■ Aim of the exercise
Repeat everything in the data exactly except images.

#### Given material ####

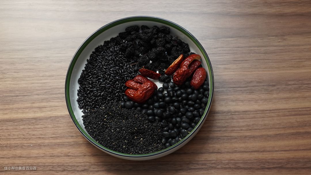 ▲我家有两个掉毛怪,分别是我家的猫和我家女王大人,猫掉毛的问题已经没救了,不过我家女王说这个五黑豆浆可以生发防脱,所以我们首先来做这个吧。材料很简单,黑豆、黑芝麻、黑米各自15g,桑葚8g,黑枣3颗,这里我家没有黑枣,所以用红枣代替了。
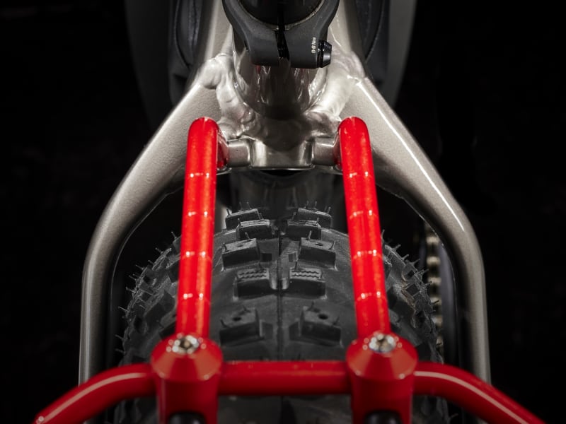 A rugged alloy frame with progressive trail geometry that's built to handle it all. Huge 4.5-inch tires that keep you floating over snow, sand, mud, and dirt. A carbon fork with a sleek design and plenty of mounts for loading up with racks and bags. An internally routed travel dropper post that lets you get behind the saddle on descents. A 12-speed SRAM GX Eagle drivetrain with a big cog for taking the sting out of steep climbs when your bike is fully loaded. Plus, all of the racks and bags your heart could desire for loading up and heading out on big trips.
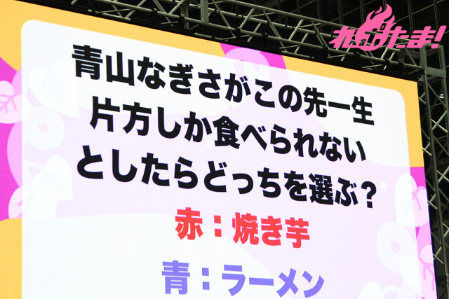 最後は「味覚を当てろ 青山なぎさ王決定戦」。「青山なぎさは自分の魅力をなんだと思っている?」(A.面白さ)、「青山なぎさはカラオケで十八番の曲はいつ歌う?」(A.最初に歌う)など、青山さんにまつわる問題が次々に出題。最後まで残ったポテ友には、さつまいもの成分が書かれたTシャツに青山さんのサインと落書きが入ったものがプレゼントされる……というルールとなっている。
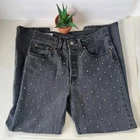 Absolutely love these Levi's 501 bling jeans! The black wash with silver studs and crystals adds the perfect amount of sparkle without being too flashy. The fit is classic high-rise with just the right amount of stretch—super comfortable and flattering. Great pre-owned condition, and the button fly gives them an authentic vintage feel. Perfect for dressing up or keeping it casual. Super unique find!

####

■ Solution for this exercise
 ▲我家有两个掉毛怪,分别是我家的猫和我家女王大人,猫掉毛的问题已经没救了,不过我家女王说这个五黑豆浆可以生发防脱,所以我们首先来做这个吧。材料很简单,黑豆、黑芝麻、黑米各自15g,桑葚8g,黑枣3颗,这里我家没有黑枣,所以用红枣代替了。
 A rugged alloy frame with progressive trail geometry that's built to handle it all. Huge 4.5-inch tires that keep you floating over snow, sand, mud, and dirt. A carbon fork with a sleek design and plenty of mounts for loading up with racks and bags. An internally routed travel dropper post that lets you get behind the saddle on descents. A 12-speed SRAM GX Eagle drivetrain with a big cog for taking the sting out of steep climbs when your bike is fully loaded. Plus, all of the racks and bags your heart could desire for loading up and heading out on big trips.
 最後は「味覚を当てろ 青山なぎさ王決定戦」。「青山なぎさは自分の魅力をなんだと思っている?」(A.面白さ)、「青山なぎさはカラオケで十八番の曲はいつ歌う?」(A.最初に歌う)など、青山さんにまつわる問題が次々に出題。最後まで残ったポテ友には、さつまいもの成分が書かれたTシャツに青山さんのサインと落書きが入ったものがプレゼントされる……というルールとなっている。
 Absolutely love these Levi's 501 bling jeans! The black wash with silver studs and crystals adds the perfect amount of sparkle without being too flashy. The fit is classic high-rise with just the right amount of stretch—super comfortable and flattering. Great pre-owned condition, and the button fly gives them an authentic vintage feel. Perfect for dressing up or keeping it casual. Super unique find!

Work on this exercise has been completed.